Le système de combat est un peu simpliste au premier coup d’œil, d’autant que l’IA des ennemis est limitée et prévisible. Chaque unité dispose de points d’action à dépenser pendant votre tour pour se déplacer, attaquer, défendre ou utiliser quelques habiletés. Défendre est très efficace, mais il est impossible d’attaquer avec la même unité durant ce tour, ce qui encourage le recours à des unités spécialisées.
Particularité notable du système : les points d’action sont récupérés dès la fin de votre tour et seront utilisés automatiquement durant celui de l’adversaire pour contre-attaquer, ce qui pourrait vous en dépouiller complètement avant votre prochain tour. La bonne gestion des points d’action est donc cruciale à tout succès tactique, notamment dans le positionnement des unités, qui les dépensent pour se déplacer.
Les armées étant limitées à un petit nombre d’unités et la plupart d’entre elles tombant rapidement sous les coups, les combats sont brefs pour un jeu du genre. Cette décision des développeurs permet d’éviter les affrontements interminables, à l’exemple des sièges avec armées multiples d’Age of Wonders III, mais rend la formule plus prévisible et beaucoup plus répétitive. Le résultat manque d’envergure.
Heureusement, le choix d’une classe au début de la campagne permet de varier les plaisirs d’une partie à l’autre. Les trois options disponibles et la possibilité de mélanger leurs habiletés pour créer une classe personnalisée sont responsables d’offrir de la diversité tactique.
Le nécromancien mise sur de la chair à canon facilement renouvelable pour épuiser les forces de ses adversaires. L’alchimiste fait pencher la balance en fabriquant des potions aux effets éphémères, mais assez puissants pour assurer un triomphe impossible autrement.
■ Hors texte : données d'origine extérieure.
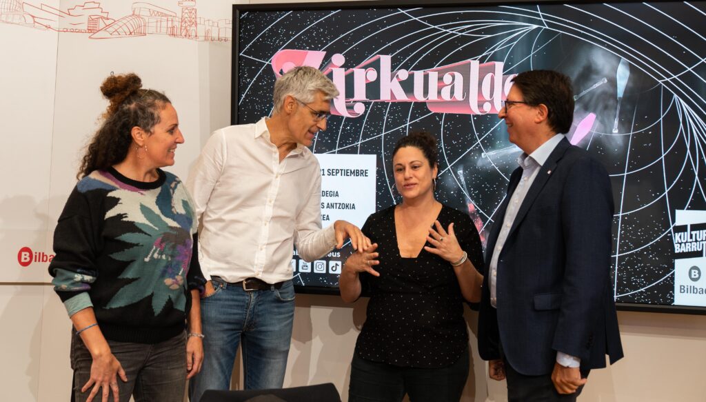 El Concejal de Cultura y Gobernanza, Gonzalo Olabarria, ha presentado, esta mañana en rueda de prensa, estos cuatro hitos importantes para la ciudad, acompañado por Gloria Peón, artista de circo y acróbata aérea y directora de la compañía La Glo Zirko eta Dantza –co organizadora del II Encuentro de Danza Vertical–; y Rosa Colell, Coordinadora en CircoRED. En representación del proyecto de EKO- Pirineos de Circo, ha tomado la palabra, Pedro Ormazabal, programador del Área de Cultura del Consistorio. Olabarria ha agradecido que Bilbao haya sido escogida como sede de estos encuentros profesionales y también ha recordado los 15 años de trayectoria del único Festival en Euskadi especializado en artes circenses, como es Zirkualde.

L’artificier, finalement, se spécialise dans la création d’artefacts offrant des bonus plus modestes que ceux des potions, mais permanents.
La magie vole la vedette au magicien
Il est regrettable que le personnage principal ne soit pas personnalisable au-delà de sa classe. Il n’a ni nom, ni visage, alors que ses rivaux et ses principaux lieutenants bénéficient d’une identité plus développée. Une porte ouverte à l’imaginaire du joueur, peut-être. Mais si telle est l’idée, le résultat n’est pas vraiment séduisant et prend plus des allures de vide.
Faute d’incarner un héros auquel on peut s’attacher, c’est la magie elle-même qui a de quoi séduire dans Conquest of Eo. Elle est la pierre angulaire du scénario, qui tourne autour d’un puissant « feu MacGuffin » jalousement gardé par un conclave de sorciers, mais c’est aussi l’élément technique le plus réussi du titre.
La magie s’utilise à toutes les sauces, de la conversion d’unités ennemies jusqu’à la congélation des lacs pour en permettre la traversée, en passant par la possibilité de déraciner la tour qui vous sert de base et de la faire voler dans les airs, le temps de l’envoyer se poser ailleurs pour exploiter de nouvelles ressources. La variété des options et l’impression de puissance (digne de Gandalf ou de Merlin) en font un des systèmes de magie les plus plaisants de l’industrie, rien de moins.
C’est justement lorsque le grimoire est bien rempli, quand la magie et le monde d’Eo n’ont plus trop de secrets à révéler et que la guerre remplace l’exploration, que le plaisir peut s’essouffler. L’expérience devient répétitive et perd de son charme en se concentrant sur des combats qui ne font tout simplement pas sa force.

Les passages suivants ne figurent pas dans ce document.